### MATERIAL SUPPLIED ###
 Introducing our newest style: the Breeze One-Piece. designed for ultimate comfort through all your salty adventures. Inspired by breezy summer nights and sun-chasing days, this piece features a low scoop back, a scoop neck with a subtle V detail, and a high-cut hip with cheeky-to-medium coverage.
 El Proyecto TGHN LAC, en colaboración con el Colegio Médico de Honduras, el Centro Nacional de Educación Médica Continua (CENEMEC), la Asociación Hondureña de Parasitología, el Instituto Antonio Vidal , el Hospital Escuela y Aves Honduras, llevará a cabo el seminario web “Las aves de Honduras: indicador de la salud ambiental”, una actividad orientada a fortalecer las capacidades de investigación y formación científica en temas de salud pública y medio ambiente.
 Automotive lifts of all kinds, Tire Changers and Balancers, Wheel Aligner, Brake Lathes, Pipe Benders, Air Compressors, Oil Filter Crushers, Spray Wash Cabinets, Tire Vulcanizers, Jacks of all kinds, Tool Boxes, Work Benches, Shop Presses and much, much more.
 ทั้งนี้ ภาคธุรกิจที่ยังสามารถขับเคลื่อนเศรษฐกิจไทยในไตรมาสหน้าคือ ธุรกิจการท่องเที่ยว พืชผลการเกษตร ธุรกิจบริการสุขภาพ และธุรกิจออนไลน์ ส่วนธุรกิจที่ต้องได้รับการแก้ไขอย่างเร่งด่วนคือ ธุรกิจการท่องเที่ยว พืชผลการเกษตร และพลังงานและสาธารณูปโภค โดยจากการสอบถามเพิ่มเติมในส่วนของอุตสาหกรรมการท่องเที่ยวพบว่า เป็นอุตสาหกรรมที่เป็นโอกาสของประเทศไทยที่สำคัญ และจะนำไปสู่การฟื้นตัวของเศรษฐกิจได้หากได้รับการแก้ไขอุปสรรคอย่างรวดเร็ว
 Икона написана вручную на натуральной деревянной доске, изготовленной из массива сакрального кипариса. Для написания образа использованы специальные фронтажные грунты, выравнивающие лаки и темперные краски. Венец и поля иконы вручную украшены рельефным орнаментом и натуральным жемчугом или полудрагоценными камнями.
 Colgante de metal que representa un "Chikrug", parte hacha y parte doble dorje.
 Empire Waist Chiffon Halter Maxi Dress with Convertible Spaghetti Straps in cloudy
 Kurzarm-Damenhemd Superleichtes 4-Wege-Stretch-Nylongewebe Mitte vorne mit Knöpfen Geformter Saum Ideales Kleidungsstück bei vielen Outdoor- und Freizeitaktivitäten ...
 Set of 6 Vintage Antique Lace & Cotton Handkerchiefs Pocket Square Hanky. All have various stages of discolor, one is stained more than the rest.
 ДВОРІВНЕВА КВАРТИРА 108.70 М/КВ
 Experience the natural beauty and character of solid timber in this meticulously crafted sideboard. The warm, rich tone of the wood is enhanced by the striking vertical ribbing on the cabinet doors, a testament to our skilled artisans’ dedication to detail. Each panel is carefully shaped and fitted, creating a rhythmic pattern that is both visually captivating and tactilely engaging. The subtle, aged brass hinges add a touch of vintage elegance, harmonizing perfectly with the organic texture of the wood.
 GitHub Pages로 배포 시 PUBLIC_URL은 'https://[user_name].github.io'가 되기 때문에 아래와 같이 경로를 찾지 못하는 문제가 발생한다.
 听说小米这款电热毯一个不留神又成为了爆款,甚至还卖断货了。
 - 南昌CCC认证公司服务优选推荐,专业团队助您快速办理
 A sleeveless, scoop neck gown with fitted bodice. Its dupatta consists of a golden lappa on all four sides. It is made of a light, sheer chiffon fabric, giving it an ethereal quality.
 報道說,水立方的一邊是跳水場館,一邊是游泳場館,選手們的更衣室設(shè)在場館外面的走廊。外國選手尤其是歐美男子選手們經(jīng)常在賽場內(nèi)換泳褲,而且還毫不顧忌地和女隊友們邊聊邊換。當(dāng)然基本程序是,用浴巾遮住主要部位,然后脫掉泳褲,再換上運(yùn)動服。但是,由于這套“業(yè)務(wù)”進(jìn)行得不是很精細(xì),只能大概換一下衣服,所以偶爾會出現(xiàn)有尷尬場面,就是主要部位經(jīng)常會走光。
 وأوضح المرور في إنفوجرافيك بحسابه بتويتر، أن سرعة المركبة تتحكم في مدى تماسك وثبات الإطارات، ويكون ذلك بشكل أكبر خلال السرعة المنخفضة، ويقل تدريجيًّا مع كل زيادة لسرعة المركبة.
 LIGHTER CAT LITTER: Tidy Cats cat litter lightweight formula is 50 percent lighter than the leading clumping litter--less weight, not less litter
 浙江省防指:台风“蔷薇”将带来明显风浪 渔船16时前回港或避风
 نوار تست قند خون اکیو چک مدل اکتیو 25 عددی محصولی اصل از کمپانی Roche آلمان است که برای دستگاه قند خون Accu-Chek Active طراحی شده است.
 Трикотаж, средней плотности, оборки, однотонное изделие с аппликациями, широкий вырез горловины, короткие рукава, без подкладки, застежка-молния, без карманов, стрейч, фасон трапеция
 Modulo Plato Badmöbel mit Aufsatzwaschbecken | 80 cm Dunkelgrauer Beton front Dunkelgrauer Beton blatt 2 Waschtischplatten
###
WHAT THE TASK REQUIRES: Looking through the data above, copy out each line in which the string "with" occurs.

TASK ANSWER:
 Introducing our newest style: the Breeze One-Piece. designed for ultimate comfort through all your salty adventures. Inspired by breezy summer nights and sun-chasing days, this piece features a low scoop back, a scoop neck with a subtle V detail, and a high-cut hip with cheeky-to-medium coverage.
 Empire Waist Chiffon Halter Maxi Dress with Convertible Spaghetti Straps in cloudy
 Experience the natural beauty and character of solid timber in this meticulously crafted sideboard. The warm, rich tone of the wood is enhanced by the striking vertical ribbing on the cabinet doors, a testament to our skilled artisans’ dedication to detail. Each panel is carefully shaped and fitted, creating a rhythmic pattern that is both visually captivating and tactilely engaging. The subtle, aged brass hinges add a touch of vintage elegance, harmonizing perfectly with the organic texture of the wood.
 A sleeveless, scoop neck gown with fitted bodice. Its dupatta consists of a golden lappa on all four sides. It is made of a light, sheer chiffon fabric, giving it an ethereal quality.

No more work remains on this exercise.